- **EXERCISE OBJECTIVE**:
Repeat each line of the material word for word.

::::::::::

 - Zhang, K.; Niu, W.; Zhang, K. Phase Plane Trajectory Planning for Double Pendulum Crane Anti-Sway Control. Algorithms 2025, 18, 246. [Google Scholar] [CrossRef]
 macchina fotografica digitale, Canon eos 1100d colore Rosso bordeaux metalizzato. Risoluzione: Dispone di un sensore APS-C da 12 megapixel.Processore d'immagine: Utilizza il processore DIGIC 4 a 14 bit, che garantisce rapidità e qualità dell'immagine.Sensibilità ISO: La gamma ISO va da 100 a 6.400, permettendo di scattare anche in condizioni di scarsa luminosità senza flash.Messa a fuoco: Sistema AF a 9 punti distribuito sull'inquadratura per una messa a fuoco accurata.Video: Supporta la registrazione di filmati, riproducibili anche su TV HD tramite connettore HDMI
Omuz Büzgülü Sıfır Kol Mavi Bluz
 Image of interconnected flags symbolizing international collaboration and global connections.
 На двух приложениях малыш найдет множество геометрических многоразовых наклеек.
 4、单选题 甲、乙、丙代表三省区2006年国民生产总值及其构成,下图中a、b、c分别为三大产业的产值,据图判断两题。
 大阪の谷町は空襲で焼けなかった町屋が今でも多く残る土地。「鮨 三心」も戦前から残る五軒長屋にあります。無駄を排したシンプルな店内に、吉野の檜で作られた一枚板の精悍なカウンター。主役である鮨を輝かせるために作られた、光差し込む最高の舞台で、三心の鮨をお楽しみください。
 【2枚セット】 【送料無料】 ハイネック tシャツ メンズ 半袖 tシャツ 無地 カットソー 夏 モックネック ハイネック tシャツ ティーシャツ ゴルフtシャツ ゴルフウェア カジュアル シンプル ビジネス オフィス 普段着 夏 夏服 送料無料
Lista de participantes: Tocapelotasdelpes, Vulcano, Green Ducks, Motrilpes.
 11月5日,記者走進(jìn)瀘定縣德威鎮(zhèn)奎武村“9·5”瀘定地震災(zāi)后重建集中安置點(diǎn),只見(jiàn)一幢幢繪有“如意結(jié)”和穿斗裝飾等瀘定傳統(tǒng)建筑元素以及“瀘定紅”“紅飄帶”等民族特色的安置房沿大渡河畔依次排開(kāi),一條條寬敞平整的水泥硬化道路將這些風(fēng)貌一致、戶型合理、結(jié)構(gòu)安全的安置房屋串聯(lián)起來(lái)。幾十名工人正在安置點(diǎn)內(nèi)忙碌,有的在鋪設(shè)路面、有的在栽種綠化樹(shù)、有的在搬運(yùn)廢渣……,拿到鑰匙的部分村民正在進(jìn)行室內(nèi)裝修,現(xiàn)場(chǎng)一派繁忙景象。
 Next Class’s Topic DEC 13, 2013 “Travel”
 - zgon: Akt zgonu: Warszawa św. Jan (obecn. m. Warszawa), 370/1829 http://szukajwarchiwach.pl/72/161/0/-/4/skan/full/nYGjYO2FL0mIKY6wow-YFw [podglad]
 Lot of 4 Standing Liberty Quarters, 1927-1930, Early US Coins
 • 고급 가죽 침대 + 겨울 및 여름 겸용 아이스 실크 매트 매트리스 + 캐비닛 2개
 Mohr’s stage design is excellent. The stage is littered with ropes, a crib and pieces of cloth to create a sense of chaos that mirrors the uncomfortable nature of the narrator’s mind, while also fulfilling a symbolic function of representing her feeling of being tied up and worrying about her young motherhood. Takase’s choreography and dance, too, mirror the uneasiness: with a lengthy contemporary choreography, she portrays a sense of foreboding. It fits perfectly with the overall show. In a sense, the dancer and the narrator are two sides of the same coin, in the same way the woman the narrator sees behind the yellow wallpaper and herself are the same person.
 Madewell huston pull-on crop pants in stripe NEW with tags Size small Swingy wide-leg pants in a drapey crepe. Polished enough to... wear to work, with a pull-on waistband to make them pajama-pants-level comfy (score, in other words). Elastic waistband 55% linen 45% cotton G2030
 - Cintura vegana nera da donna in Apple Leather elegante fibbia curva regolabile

::::::::::

- **REPLY TO THE EXERCISE**:
 - Zhang, K.; Niu, W.; Zhang, K. Phase Plane Trajectory Planning for Double Pendulum Crane Anti-Sway Control. Algorithms 2025, 18, 246. [Google Scholar] [CrossRef]
 macchina fotografica digitale, Canon eos 1100d colore Rosso bordeaux metalizzato. Risoluzione: Dispone di un sensore APS-C da 12 megapixel.Processore d'immagine: Utilizza il processore DIGIC 4 a 14 bit, che garantisce rapidità e qualità dell'immagine.Sensibilità ISO: La gamma ISO va da 100 a 6.400, permettendo di scattare anche in condizioni di scarsa luminosità senza flash.Messa a fuoco: Sistema AF a 9 punti distribuito sull'inquadratura per una messa a fuoco accurata.Video: Supporta la registrazione di filmati, riproducibili anche su TV HD tramite connettore HDMI
Omuz Büzgülü Sıfır Kol Mavi Bluz
 Image of interconnected flags symbolizing international collaboration and global connections.
 На двух приложениях малыш найдет множество геометрических многоразовых наклеек.
 4、单选题 甲、乙、丙代表三省区2006年国民生产总值及其构成,下图中a、b、c分别为三大产业的产值,据图判断两题。
 大阪の谷町は空襲で焼けなかった町屋が今でも多く残る土地。「鮨 三心」も戦前から残る五軒長屋にあります。無駄を排したシンプルな店内に、吉野の檜で作られた一枚板の精悍なカウンター。主役である鮨を輝かせるために作られた、光差し込む最高の舞台で、三心の鮨をお楽しみください。
 【2枚セット】 【送料無料】 ハイネック tシャツ メンズ 半袖 tシャツ 無地 カットソー 夏 モックネック ハイネック tシャツ ティーシャツ ゴルフtシャツ ゴルフウェア カジュアル シンプル ビジネス オフィス 普段着 夏 夏服 送料無料
Lista de participantes: Tocapelotasdelpes, Vulcano, Green Ducks, Motrilpes.
 11月5日,記者走進(jìn)瀘定縣德威鎮(zhèn)奎武村“9·5”瀘定地震災(zāi)后重建集中安置點(diǎn),只見(jiàn)一幢幢繪有“如意結(jié)”和穿斗裝飾等瀘定傳統(tǒng)建筑元素以及“瀘定紅”“紅飄帶”等民族特色的安置房沿大渡河畔依次排開(kāi),一條條寬敞平整的水泥硬化道路將這些風(fēng)貌一致、戶型合理、結(jié)構(gòu)安全的安置房屋串聯(lián)起來(lái)。幾十名工人正在安置點(diǎn)內(nèi)忙碌,有的在鋪設(shè)路面、有的在栽種綠化樹(shù)、有的在搬運(yùn)廢渣……,拿到鑰匙的部分村民正在進(jìn)行室內(nèi)裝修,現(xiàn)場(chǎng)一派繁忙景象。
 Next Class’s Topic DEC 13, 2013 “Travel”
 - zgon: Akt zgonu: Warszawa św. Jan (obecn. m. Warszawa), 370/1829 http://szukajwarchiwach.pl/72/161/0/-/4/skan/full/nYGjYO2FL0mIKY6wow-YFw [podglad]
 Lot of 4 Standing Liberty Quarters, 1927-1930, Early US Coins
 • 고급 가죽 침대 + 겨울 및 여름 겸용 아이스 실크 매트 매트리스 + 캐비닛 2개
 Mohr’s stage design is excellent. The stage is littered with ropes, a crib and pieces of cloth to create a sense of chaos that mirrors the uncomfortable nature of the narrator’s mind, while also fulfilling a symbolic function of representing her feeling of being tied up and worrying about her young motherhood. Takase’s choreography and dance, too, mirror the uneasiness: with a lengthy contemporary choreography, she portrays a sense of foreboding. It fits perfectly with the overall show. In a sense, the dancer and the narrator are two sides of the same coin, in the same way the woman the narrator sees behind the yellow wallpaper and herself are the same person.
 Madewell huston pull-on crop pants in stripe NEW with tags Size small Swingy wide-leg pants in a drapey crepe. Polished enough to... wear to work, with a pull-on waistband to make them pajama-pants-level comfy (score, in other words). Elastic waistband 55% linen 45% cotton G2030
 - Cintura vegana nera da donna in Apple Leather elegante fibbia curva regolabile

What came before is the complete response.